● **Dataset content**:
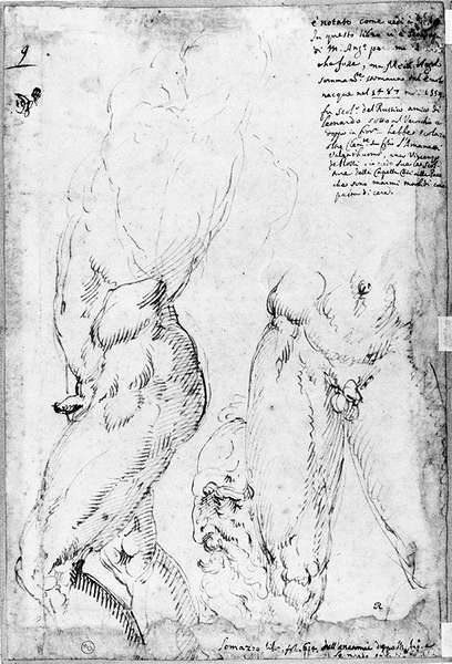 Так вот, из книги мы узнали, что в Королевской библиотеке города Турина, оказывается, хранится рисунок, выполненный Бенвенуто Челлини собственноручно. (См. главу «Турин. Библиотека Реале».) На одной стороне листа бумаги — наброски фрагментов статуй и текст, написанный рукой Челлини. А на другой стороне этого же листа — портрет человека с каким-то мятежным выражением лица, который Ирина показала мне в магазине.
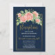 Invitation Carton d'invitation bleu marine à fleurs avec doru
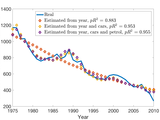 [ 'Estimated from year and cars, $pR^2$ = ' num2str( pR2value( 2 ), '%.3f' ) ], ...
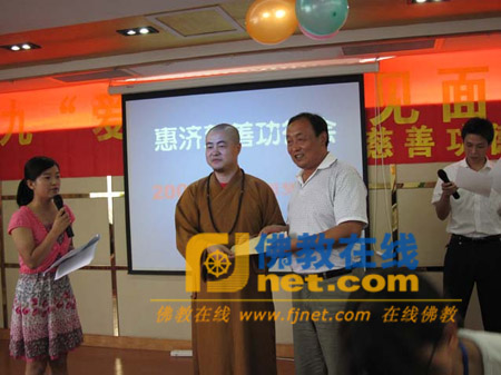 2009年8月22日,江苏省南京市惠济慈善功德会2009年秋季“爱心圆梦”活动在汤泉宾馆隆重举行。出席会议的有汤泉街道宣传委员熊传,汤泉街道民政办李居详科长,惠济慈善功德会会长朗明法师、秘书长悟定法师,及六十多名热心会员和功德会资助的30位中小学生及其家长们。
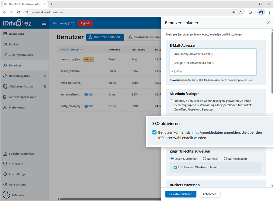 Der Administrator des IDrive® e2 Kontos kann SSO beim Einladen von Benutzern aktivieren. Alternativ kann der Administrator SSO auch für bestehende Benutzer aktivieren.
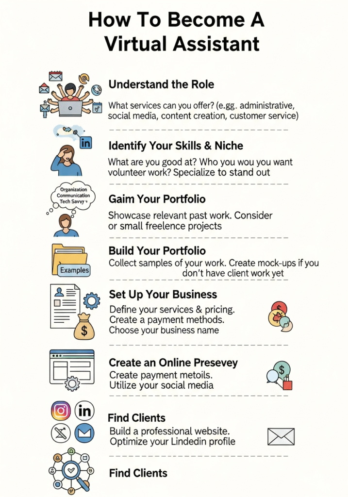 Virtual assistant jobs have become more popular as many companies now prefer remote work. Becoming a virtual assistant (VA) allows you to work from home and earn a good income. You can assist clients with administrative tasks, manage schedules, and handle emails. Here’s how to become a virtual assistant.
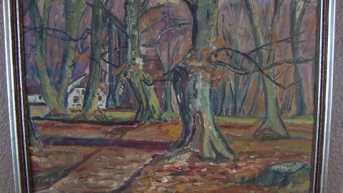 Ubekendt kunstner (20 årh): Hus i skov, efterår. Olie på lærred. Sign.: Solveig ?? 46x60 (52x66)
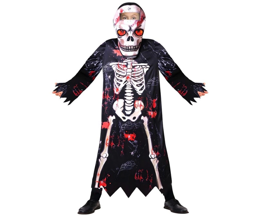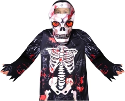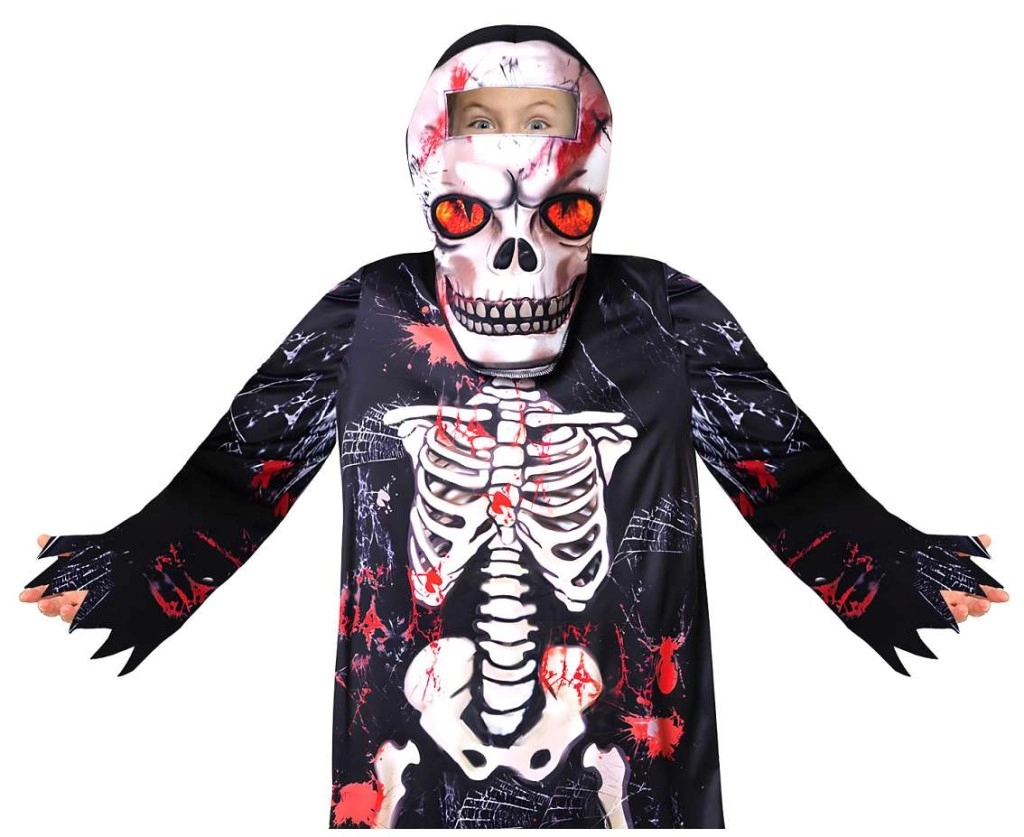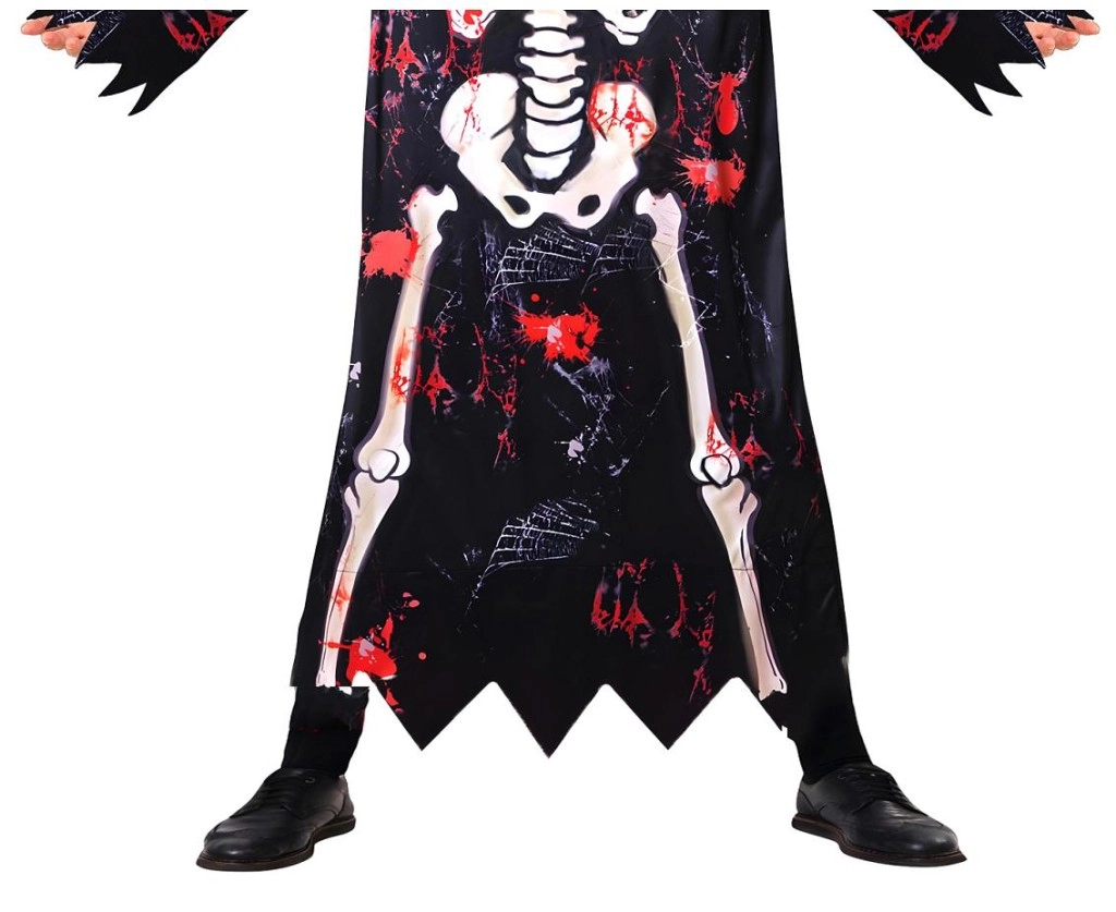 Dzięki lekkiemu materiałowi kostium wygodnie się nosi i umożliwia swobodę ruchów podczas zabawy i tańca. Wyrazisty kontrastowy nadruk kości z czerwonymi akcentami doda dziecku strasznego, a jednocześnie zabawnego looku bez skomplikowanego makijażu.

● **Problem to work on**:
Print from the line containing "Der Administrator des" through the line containing "Ubekendt kunstner (20" in the data above, exactly as the lines stand, and omit every picture.

● **Problem solution**:
 Der Administrator des IDrive® e2 Kontos kann SSO beim Einladen von Benutzern aktivieren. Alternativ kann der Administrator SSO auch für bestehende Benutzer aktivieren.
 Virtual assistant jobs have become more popular as many companies now prefer remote work. Becoming a virtual assistant (VA) allows you to work from home and earn a good income. You can assist clients with administrative tasks, manage schedules, and handle emails. Here’s how to become a virtual assistant.
 Ubekendt kunstner (20 årh): Hus i skov, efterår. Olie på lærred. Sign.: Solveig ?? 46x60 (52x66)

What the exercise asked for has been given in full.